Аскар-Нияз уже не предлагал выпить. Было очень поздно; и все же никому из двоих не хотелось спать.
– Я не сказал ни слова о своей матери. Наверное, потому, что я ее почти не помню. Как я узнал много лет спустя, она была полячка, дочь ссыльного шляхтича, родившегося в России. Однажды я рылся в отцовской библиотеке и нашел фотографию женщины с красивым, но по-мужски волевым лицом и спросил у отца, кто это. Он сперва растерялся, что было на него непохоже, но тут же рассердился и отчитал меня за то, что я без спросу беру его книги.
До сих пор не знаю, что между ними произошло, почему она оставила отца, когда мне исполнилось три года? Почему не взяла меня с собой?

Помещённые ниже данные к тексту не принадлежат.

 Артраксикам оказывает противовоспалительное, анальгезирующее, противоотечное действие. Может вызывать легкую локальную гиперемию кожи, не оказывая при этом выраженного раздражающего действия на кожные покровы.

Отец так и не женился вновь. Воспитывала меня нянька, затем гувернер-швейцарец, милейший господин Кон. Он, кстати, научил меня стрелять из лука, играть в теннис и болтать по-французски. Уже обучаясь в лицее, я проводил с господином Коном воскресные дни и каникулы…
Андрей на секунду умолк.
– Хотите, Андрей Дмитриевич, я заварю чаю по-нашему, по-бухарски? – спросил Аскар-Нияз. – Всего десять минут. – Он вышел на кухню, а Андрей застыл в кресле, прикрыв глаза. Брови его были сведены к переносице, уголки губ изредка вздрагивали. Впрочем, вернувшись с чайником, Аскар-Нияз не заметил этого.
– Прошу, Андрей Дмитриевич, – сказал он, протягивая пиалу и сделав левой рукой едва заметное движение к сердцу. – Скажу по чести: вкуснее напитка не знаю. – Он налил себе и, смакуя, отпил глоточек.

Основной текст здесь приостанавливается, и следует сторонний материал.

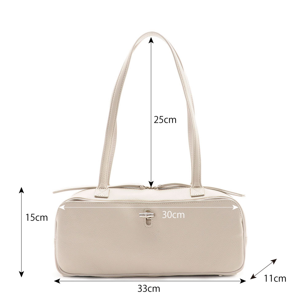 長めのハンドルが肩にもしっかりフィットして、持ち歩きやすいです。本革生地を使用しているため耐久性も良く、安心してご愛用いただけます。

– Итак, отец решил вернуться в Россию. Здесь, пожалуй, начинается самое главное и, не скрою, самое печальное, и самое радостное, что было пока в моем жизни.

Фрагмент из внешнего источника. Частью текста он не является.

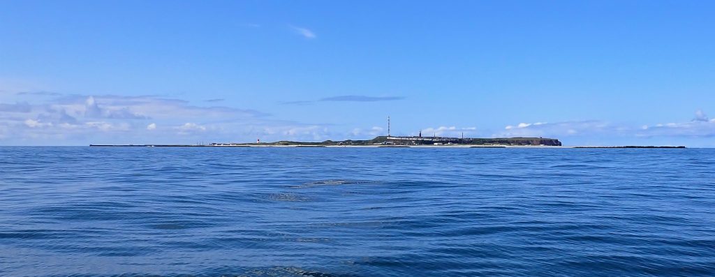 Helgoland on erikoinen paikka, Saksan ainoa ”valtamerisaari”. Nimitys on liioitteleva, mutta kuvaava. Merestä kohoavat pystysuorat, punaiset kallioseinämät ja tyrskyjen yllä liitelevät merilinnut luovat kaukaisen tunnelman. Päiväturistit täyttävät rantakadun, kauempana on rauhallisempi kylä ja taaimmat talot nousevat ylängölle saakka. Helgoland on edelleen verovapaa saari ja kaikkialla on tax free -myymälöitä.

Мы перешли границу на удивление свободно. Я даже не заметил, как это произошло. Долго ехали по пересохшему руслу, затем по пескам, к вечеру спешились у чайханы, присели на помост, и я обратил вниманием на портрет Ленина в траурной ленте. Отец перехватил мой удивленный взгляд.
– Вот мы и дома, – сказал он.
Как сейчас, вижу отца. В белой полотняной рубашке без ворота, с загорелой грудью, с русой короткой бородой, он был похож на агронома или землемера – на русского интеллигента, давно живущего в Азии.
В ту пору в Ташкенте нетрудно было выправить документы на чужое имя и жить беспечно. Кое-кто так и сделал. Сын митрополита туркестанского, к примеру вступил в партию и до сих пор, никем не узнанный, преподает в комвузе политэкономию.
Отец не терпел масок. Он сказал:
– Такое не по мне.
В первый же день он продал на рынке золотые часы, единственное, что у него осталось. Мы сняли комнатку в доме у одного узбека на Шейхантауре и прожили там неделю. Хозяин наш прежде не знал отца, но отнесся к нему очень участливо. По вечерам они о чем-то подолгу беседовали.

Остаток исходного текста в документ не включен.